### DATA

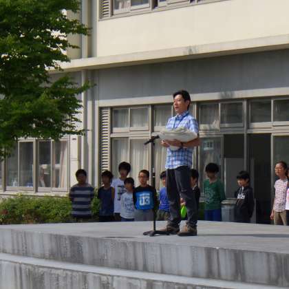 今日の児童朝会で、65周年の航空写真の図柄について、校長先生からお話がありました
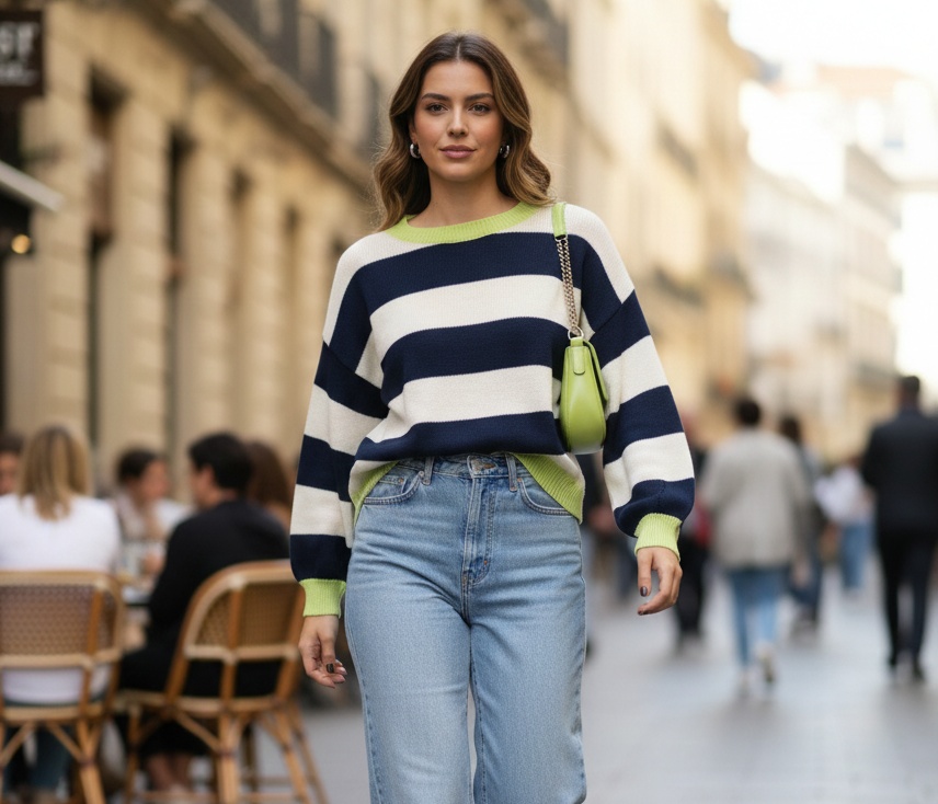 Jersey de punto de algodón en rayas horizontal anchas en tres colores.
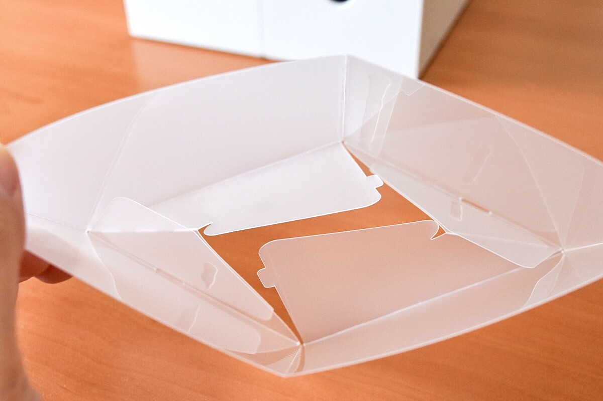シートを開き、両脇にあるつまみを差し込めばボックス型に。

### WORK ITEM
When you set down the material above, keep every word exact and include no pictures.

### ANSWER SECTION
 今日の児童朝会で、65周年の航空写真の図柄について、校長先生からお話がありました
 Jersey de punto de algodón en rayas horizontal anchas en tres colores.
シートを開き、両脇にあるつまみを差し込めばボックス型に。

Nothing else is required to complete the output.